Anthony Windows

Personal information
- Full name: Anthony Robin Windows
- Born: 25 September 1942 (age 83) Bristol, England
- Batting: Right-handed
- Bowling: Right-arm medium pace
- Role: All-rounder

Domestic team information
- 1960–1974: Gloucestershire
- 1962–1964: Cambridge University

Career statistics
| Competition | FC | LA |
| Matches | 149 | 7 |
| Runs scored | 3537 | 68 |
| Batting average | 17.00 | 9.71 |
| 100s/50s | 0/8 | 0/0 |
| Top score | 82 | 32 |
| Balls bowled | 19,137 | 318 |
| Wickets | 286 | 7 |
| Bowling average | 29.04 | 30.14 |
| 5 wickets in innings | 9 | 0 |
| 10 wickets in match | 0 | 0 |
| Best bowling | 8/78 | 3/28 |
| Catches/stumpings | 42/0 | 1/0 |
- Source: Cricinfo, 1 August 2013

= Anthony Windows =

English cricketer (born 1942)

Anthony Robin Windows (born 25 September 1942) is an English former cricketer.

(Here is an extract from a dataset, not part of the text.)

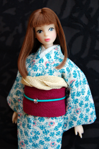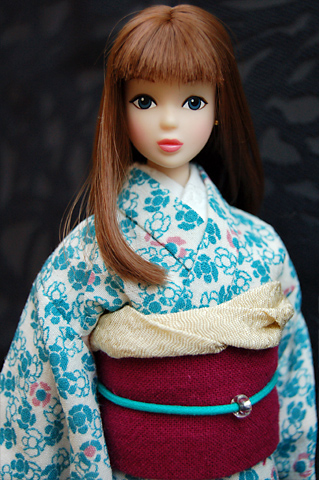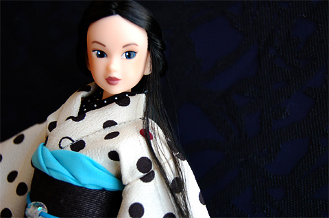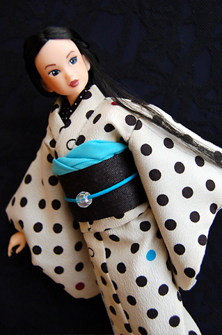 375 >> August 2006 帯留のビーズと差色のブルーが涼しげ。 水玉づくしって可愛くて永遠に好きなテーマだな。 |

He played for Gloucestershire from 1960 to 1974 (but with only occasional appearances after 1966), and for Cambridge University from 1962 to 1964.

Windows attended Clifton College before going up to Jesus College, Cambridge. He took 8 for 78 for Gloucestershire against the touring West Indians in 1966. He toured Pakistan with the MCC Under-25 side in 1966-67.